Leiweke has a high-risk decision to make: AEG will have to start spending some real money in the next month or so — something in the neighborhood of $5 million to $10 million — to dive into the entitlement process on the stadium site, and to convince Sacramento to give the downtown site the same environmental exemption that the City of Industry stadium proposal received. Even with that exemption, AEG would have to do a full environmental-impact report on the stadium but would be protected from subsequent lawsuits that might slow down or derail the project.

The issue is: AEG would have to spend that money without an ironclad guarantee from the NFL that a team is coming to L.A., although the league wants to be back, under the right circumstances. The league can do some work behind the scenes, of course, but it cannot turn its attention to the L.A. situation until it resolves its labor dispute with the players, and that could stretch into the fall.

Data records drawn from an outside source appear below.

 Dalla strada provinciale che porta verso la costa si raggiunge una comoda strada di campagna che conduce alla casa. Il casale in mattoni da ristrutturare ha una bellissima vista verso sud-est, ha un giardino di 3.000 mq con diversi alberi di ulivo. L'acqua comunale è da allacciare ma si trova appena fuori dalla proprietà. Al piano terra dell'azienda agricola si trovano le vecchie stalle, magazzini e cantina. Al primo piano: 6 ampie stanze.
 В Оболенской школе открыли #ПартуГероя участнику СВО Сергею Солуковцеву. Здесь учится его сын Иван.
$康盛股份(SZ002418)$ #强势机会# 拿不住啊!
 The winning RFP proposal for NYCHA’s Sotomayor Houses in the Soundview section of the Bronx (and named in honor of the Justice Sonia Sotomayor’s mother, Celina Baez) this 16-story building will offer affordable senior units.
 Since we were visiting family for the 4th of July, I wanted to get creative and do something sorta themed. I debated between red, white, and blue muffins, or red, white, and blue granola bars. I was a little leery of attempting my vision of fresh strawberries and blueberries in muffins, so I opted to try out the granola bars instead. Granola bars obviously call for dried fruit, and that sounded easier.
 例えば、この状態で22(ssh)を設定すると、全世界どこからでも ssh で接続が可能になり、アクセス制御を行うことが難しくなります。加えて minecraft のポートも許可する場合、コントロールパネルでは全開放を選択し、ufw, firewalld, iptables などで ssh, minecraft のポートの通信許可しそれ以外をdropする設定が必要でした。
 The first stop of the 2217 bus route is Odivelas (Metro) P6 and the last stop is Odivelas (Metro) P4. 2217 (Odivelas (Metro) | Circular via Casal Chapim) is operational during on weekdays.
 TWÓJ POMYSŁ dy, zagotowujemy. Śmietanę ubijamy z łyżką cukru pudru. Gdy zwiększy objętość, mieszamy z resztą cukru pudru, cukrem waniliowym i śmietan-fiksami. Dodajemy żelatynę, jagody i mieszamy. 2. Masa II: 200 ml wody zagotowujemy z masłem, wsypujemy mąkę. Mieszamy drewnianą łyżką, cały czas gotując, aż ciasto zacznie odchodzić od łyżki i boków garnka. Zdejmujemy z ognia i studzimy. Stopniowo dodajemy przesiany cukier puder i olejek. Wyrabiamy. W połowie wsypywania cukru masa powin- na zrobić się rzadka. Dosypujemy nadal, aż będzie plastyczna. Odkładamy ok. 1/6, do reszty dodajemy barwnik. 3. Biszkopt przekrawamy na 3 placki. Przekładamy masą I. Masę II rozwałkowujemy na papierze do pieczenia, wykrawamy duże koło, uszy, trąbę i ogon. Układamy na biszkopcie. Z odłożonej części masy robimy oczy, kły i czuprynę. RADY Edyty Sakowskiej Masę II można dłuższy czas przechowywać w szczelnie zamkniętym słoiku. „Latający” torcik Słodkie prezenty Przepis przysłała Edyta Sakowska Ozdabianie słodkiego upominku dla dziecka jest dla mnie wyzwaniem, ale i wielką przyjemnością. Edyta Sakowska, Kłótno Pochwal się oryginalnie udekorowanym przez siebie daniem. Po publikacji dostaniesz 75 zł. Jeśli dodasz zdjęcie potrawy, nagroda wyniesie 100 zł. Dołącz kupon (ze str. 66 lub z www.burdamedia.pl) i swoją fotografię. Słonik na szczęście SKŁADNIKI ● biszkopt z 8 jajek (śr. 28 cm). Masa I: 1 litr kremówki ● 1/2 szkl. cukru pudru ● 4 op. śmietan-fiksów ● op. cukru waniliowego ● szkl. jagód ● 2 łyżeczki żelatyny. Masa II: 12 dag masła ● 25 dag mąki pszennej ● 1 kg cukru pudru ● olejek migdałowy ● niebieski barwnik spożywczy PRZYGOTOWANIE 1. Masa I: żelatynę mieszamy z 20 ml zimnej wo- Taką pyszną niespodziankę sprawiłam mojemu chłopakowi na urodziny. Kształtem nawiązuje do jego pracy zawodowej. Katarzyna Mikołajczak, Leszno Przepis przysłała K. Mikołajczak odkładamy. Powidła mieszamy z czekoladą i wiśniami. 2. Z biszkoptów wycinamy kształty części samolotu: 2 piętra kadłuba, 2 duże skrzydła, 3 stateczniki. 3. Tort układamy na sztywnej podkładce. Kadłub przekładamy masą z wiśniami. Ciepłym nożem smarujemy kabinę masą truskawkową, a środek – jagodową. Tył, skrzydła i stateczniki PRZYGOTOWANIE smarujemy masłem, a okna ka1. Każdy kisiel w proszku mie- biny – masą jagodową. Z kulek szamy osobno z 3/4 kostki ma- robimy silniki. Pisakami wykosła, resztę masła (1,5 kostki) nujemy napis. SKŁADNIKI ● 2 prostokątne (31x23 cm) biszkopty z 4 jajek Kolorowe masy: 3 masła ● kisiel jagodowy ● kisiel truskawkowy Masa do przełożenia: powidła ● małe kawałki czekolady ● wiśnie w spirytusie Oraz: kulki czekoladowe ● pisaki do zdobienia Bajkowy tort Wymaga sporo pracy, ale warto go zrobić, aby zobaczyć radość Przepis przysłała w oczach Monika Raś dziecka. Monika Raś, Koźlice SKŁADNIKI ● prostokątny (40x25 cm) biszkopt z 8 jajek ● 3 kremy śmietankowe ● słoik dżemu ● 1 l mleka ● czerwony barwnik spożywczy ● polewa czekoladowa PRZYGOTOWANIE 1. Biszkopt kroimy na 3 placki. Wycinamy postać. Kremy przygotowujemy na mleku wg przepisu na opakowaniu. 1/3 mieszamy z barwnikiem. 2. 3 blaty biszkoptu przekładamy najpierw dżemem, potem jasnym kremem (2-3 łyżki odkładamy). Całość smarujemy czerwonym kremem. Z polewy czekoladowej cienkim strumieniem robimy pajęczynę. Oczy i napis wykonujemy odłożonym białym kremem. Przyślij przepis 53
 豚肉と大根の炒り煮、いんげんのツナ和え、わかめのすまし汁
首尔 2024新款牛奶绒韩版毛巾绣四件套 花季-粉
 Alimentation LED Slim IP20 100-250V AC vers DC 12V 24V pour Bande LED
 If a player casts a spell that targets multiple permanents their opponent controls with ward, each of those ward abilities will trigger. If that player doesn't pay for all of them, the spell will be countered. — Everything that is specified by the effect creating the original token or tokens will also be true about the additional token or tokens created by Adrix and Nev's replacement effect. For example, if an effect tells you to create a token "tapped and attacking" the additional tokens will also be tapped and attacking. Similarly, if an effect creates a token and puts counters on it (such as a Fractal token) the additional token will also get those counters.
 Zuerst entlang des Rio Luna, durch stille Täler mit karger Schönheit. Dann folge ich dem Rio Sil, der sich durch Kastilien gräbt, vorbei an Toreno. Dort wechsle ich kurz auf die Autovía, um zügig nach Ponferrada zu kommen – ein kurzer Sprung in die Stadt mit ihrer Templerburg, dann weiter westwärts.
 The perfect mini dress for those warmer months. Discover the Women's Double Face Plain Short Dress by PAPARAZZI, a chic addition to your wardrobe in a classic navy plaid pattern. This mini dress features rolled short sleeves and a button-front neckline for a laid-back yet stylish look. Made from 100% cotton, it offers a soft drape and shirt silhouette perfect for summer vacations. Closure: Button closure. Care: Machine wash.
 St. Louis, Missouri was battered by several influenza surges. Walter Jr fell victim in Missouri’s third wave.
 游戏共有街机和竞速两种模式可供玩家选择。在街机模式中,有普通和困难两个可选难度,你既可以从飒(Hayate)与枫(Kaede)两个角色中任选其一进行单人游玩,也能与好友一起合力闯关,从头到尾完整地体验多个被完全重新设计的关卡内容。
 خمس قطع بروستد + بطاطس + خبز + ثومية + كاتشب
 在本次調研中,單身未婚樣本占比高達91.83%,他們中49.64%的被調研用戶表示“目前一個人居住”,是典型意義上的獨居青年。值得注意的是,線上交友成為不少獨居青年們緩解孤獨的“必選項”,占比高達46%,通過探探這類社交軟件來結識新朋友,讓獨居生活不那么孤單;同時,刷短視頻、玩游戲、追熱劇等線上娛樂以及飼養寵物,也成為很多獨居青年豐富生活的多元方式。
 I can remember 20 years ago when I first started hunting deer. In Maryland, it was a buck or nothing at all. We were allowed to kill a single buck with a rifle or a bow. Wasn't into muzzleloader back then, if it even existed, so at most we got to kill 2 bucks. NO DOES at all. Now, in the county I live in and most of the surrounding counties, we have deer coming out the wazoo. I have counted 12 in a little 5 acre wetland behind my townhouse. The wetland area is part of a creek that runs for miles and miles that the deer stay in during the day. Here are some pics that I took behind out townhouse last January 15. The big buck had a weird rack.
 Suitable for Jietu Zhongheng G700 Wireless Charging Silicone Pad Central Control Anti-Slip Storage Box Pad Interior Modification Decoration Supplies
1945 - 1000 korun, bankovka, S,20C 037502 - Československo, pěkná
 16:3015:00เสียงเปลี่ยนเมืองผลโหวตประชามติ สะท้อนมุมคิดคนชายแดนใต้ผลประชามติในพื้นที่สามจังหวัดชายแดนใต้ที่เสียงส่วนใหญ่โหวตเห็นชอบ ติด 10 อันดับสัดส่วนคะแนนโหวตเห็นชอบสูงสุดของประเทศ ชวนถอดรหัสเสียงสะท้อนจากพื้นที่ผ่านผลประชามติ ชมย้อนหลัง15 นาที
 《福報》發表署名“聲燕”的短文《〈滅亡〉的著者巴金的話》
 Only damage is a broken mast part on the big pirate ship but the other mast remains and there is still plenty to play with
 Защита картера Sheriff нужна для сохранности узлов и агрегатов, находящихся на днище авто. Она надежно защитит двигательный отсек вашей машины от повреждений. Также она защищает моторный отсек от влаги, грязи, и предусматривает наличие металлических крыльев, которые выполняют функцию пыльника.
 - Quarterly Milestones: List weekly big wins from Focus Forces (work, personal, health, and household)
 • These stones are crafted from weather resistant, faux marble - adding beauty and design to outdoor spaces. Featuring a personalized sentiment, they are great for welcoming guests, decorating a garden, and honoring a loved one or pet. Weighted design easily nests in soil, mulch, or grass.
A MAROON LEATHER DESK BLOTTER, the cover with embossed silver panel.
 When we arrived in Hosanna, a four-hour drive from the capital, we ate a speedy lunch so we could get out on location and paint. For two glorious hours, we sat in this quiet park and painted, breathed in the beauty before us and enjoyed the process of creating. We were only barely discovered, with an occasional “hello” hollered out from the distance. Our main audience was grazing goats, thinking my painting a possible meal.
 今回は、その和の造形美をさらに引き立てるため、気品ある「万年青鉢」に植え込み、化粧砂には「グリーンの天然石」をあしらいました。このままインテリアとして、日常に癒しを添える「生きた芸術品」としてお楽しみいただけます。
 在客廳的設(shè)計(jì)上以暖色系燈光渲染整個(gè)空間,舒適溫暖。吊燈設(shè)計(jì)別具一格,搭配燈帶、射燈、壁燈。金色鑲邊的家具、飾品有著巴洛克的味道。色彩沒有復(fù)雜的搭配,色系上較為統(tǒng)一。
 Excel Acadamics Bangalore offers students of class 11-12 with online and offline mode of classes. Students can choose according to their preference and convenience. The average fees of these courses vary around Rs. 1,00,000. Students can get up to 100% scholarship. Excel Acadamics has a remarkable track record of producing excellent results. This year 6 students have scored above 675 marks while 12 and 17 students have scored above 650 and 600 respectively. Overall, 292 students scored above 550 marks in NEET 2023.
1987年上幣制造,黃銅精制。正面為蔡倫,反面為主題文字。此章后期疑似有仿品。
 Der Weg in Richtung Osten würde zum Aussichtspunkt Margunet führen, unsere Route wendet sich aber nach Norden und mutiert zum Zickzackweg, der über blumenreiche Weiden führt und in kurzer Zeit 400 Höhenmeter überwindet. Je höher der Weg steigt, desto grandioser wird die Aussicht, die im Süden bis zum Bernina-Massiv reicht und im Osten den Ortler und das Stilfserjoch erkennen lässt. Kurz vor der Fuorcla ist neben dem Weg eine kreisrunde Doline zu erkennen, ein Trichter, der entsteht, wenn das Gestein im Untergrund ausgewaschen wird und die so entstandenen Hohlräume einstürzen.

Asked what kind of assurances he can receive from the NFL, or from a team that might want to relocate, before the league has a new deal with its players, Leiweke said: “I’m not going to get into any of that, but what I can tell you is I think we can get Mr. Anschutz comfortable by March if we can get people to the right place. We know we’re not going to have a team locked in by March, everyone knows that. That’s not what we’re saying, nor is it what we need.”

So which franchise is most likely to relocate? This could change, of course, but right now it’s the San Diego Chargers. Among the other relocation candidates are the usual suspects: Minnesota, Jacksonville, Oakland, St. Louis and Buffalo.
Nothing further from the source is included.